Der Berliner Testballon von Amazon wird nach einem Bericht des Tagesspiegel den Betreibern der traditionellen Geschäfte auf dem Ku'damm zwar nicht das Weihnachtsgeschäft durcheinander bringen – aber eine Provokation sei dieser Übertritt in die reale Welt schon. Bei der AG City, die Interessen der Geschäftsleute in der westlichen Berliner Innenstadt vertritt, spreche man betont entspannt von einem „interessanten Experiment“. Daraus „können auch wir noch etwas lernen“, zitiert das Medium Uwe Timm, der dem Vereinsvorstand angehört und außerdem Centermanager im Europa-Center am Breitscheidplatz ist.

Welche Marktdominanz Amazon mittlerweile im deutschen Handel hat, haben kürzlich erstmals Wissenschaftler der Universität St. Gallen in Kooperation mit Payback, der Unternehmensberatung Etribes und der auf Amazon spezialisierten Agentur Factor-a in einer Studie ausgearbeitet. In ihrem „Amazon Watch Report“ haben sie anhand eines Indexwertes berechnet, wie groß die Dominanz in bestimmten Bereichen ist. Demnach liegt sie bei Büchern mit sieben von zehn möglichen Punkten am höchsten. Hier bringt es Amazon auf einen Marktanteil von fast 20 Prozent.

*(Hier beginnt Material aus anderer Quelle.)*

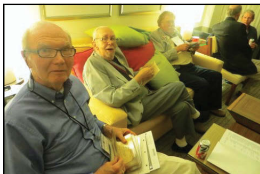
Socializing and viewing covers in the hospitality room.
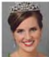
Queen Allison LaMarr* $1,250,000
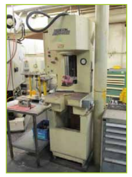
DENISON SO85LC2 MULTIPRESS, 8-TON, 5-HP, 18" DAYLIGHT 7"THROAT 2 25" RAM DIA

Doch auch bei Spielwaren, Babyartikeln, Sport & Freizeit sowie Elektronik & Computern kommt das Unternehmen auf Marktanteile von mehr als 16 Prozent. Am geringsten ist demnach die Dominanz in den Bereichen Drogerie & Beauty, Kleidung & Schuhe sowie Lebensmittel.

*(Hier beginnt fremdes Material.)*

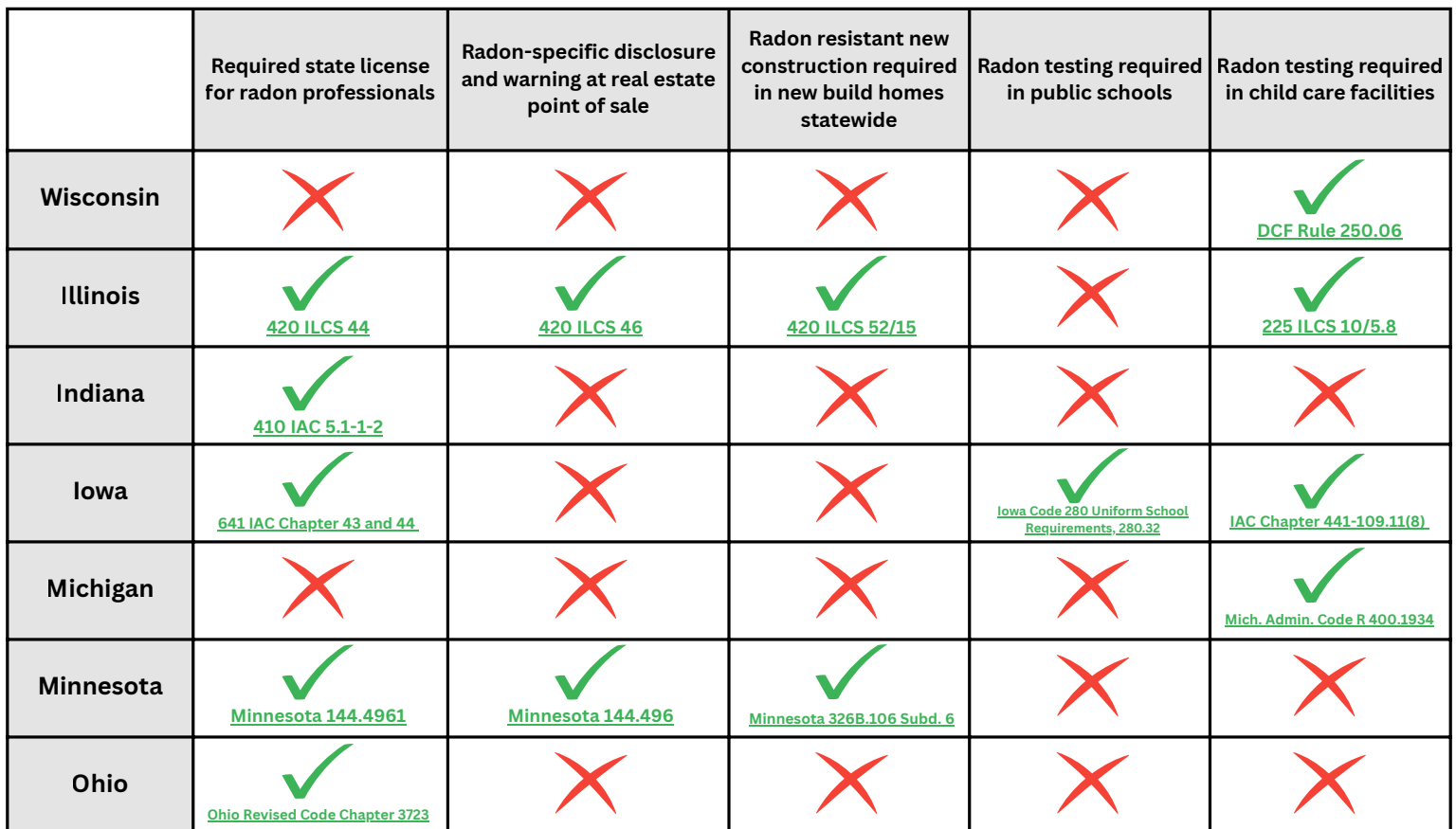
Table 1 - A comparison of state-level radon policy strategies used by neighboring states.

„Der Report zeigt, dass die Dominanz von Amazon zur Bedrohung für viele Händler geworden ist“, sagte Payback-Geschäftsführer Dominik Dommick. „Und Amazon strebt nach immer größerer Dominanz.“

Seit Längerem zeigt sich deutlich, dass Amazon sich in immer mehr Geschäftsfeldern ausbreitet. So investiert das Unternehmen derzeit viel Geld in einen eigenen Musik- und Videodienst. Bezogen auf den Gesundheitssektor wurde jüngst bekannt, dass Amazon gemeinsam mit dem Medizinprodukte-Hersteller und Beratungsunternehmen Arcadia Group die neue Gesundheitsmarke „Amazon Choice“ entwickelt. In erster Linie handelt es sich dabei um den Verkauf von Blutzucker- und Blutdruckmessgeräten. Erst im Juni hatte der Konzern die US-Apothekengruppe PillPack übernommen und angekündigt, mit der Großbank J.P. Morgan und Berkshire Hathaway zusammen eine Krankenkasse für die eigenen Mitarbeiter sowie in einem späteren Schritt für alle US-Amerikaner aufbauen zu wollen.

Wie Amazon versuchen auch andere Onlineunternehmen zunehmend den Schritt in die Offline-Welt und eröffnen Läden in den Innenstädten, beispielsweise jüngst Zalando, Notebooksbilliger.de oder in der Schweiz die Versandapotheke Zur Rose.